In this case, there was definitely a perception gap, and I think it’s a good thing.
Here’s what the person shared on their Facebook page:
Am I a successful entrepreneur?
What caught my eye was her description of me as a successful entrepreneur.
Until now, I haven’t fancied myself as such. But I shouldn’t be so hard on myself because:
- Most people never make it beyond the, “I have a great idea” phase.
- Most people never launch a product.
- Most people don’t get into tech accelerators.
- And most people certainly don’t raise not one, but two rounds of investment capital.
This is not bragging, these are facts.
So, yeah, I accept her description of me. I AM a successful entrepreneur!
And if people like Oprah are right, and there is POWER when you start any sentence with, “I am,” this can only be a good thing.
Success for the business
Now, I’m not delusional about what a successful business looks like for me or my investors. My business has a fundamental customer acquisition issue that must be resolved.
If you follow this blog, you know my goal is to have an exit of $50 million in the next few years, which would obviously be incredible for my investors and me (and my family). But it may or may not happen exactly that way.

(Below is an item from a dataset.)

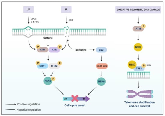 The possible involvement of NEK6 and NEK7 in DDR. NEK6 kinase activity is inhibited by ATM/ATR-Chk1/Chk2 caffeine-sensitive signaling pathway after DSBs induced by IR and UV treatment. NEK6 kinase activity inhibition by DDR is necessary for G2/M arrest. NEK6 is repressed by miR-23a, which is induced by berberine, a genotoxin that increases the accumulation of DSBs, in a p53-dependent manner. NEK7 is related to a protective function of telomeres in response to oxidative DNA damage. ATM activation mediates the function of NEK7 in telomeres. NEK7 is recruited to the telomeres and binds and phosphorylates TRF1 in S114, preventing its degradation. The integrity of telomeres is linked to the stability of TRF1.
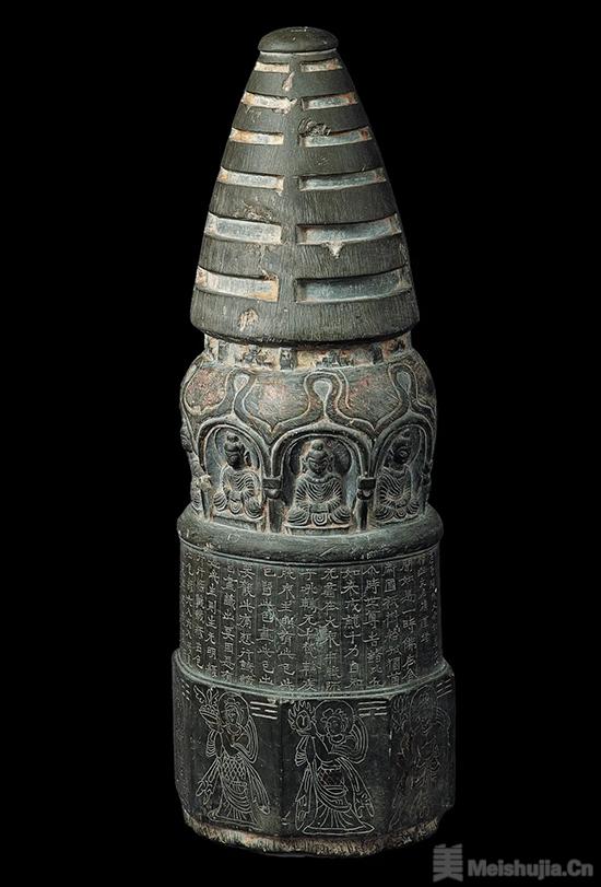 展览中有2件国宝级文物亮相。高善穆石塔铸造于公元428年,通高44.6厘米,底径15.2厘米,是中国已知最早的佛塔实物,此次为重庆地区首次实物展出。

It doesn’t matter though, because it won’t change any of the things I’ve accomplished on that list above.
Living on purpose
Another great revelation for me is this: I am truly living on purpose now.
I believe my purpose in life is to be a successful entrepreneur, which I’ve now claimed. And to inspire others to do the same.
Based on the comments I get about this blog, I am definitely inspiring others along their entrepreneurial journeys, and I’m pumped about it.
THIS is a very exciting realization.
And if what Wayne Dyer says is true, and now that I’ve changed my self-perception, great things are yet to come:
How do you define success? Based on that definition, do you consider yourself successful?
I can’t wait to read your answers.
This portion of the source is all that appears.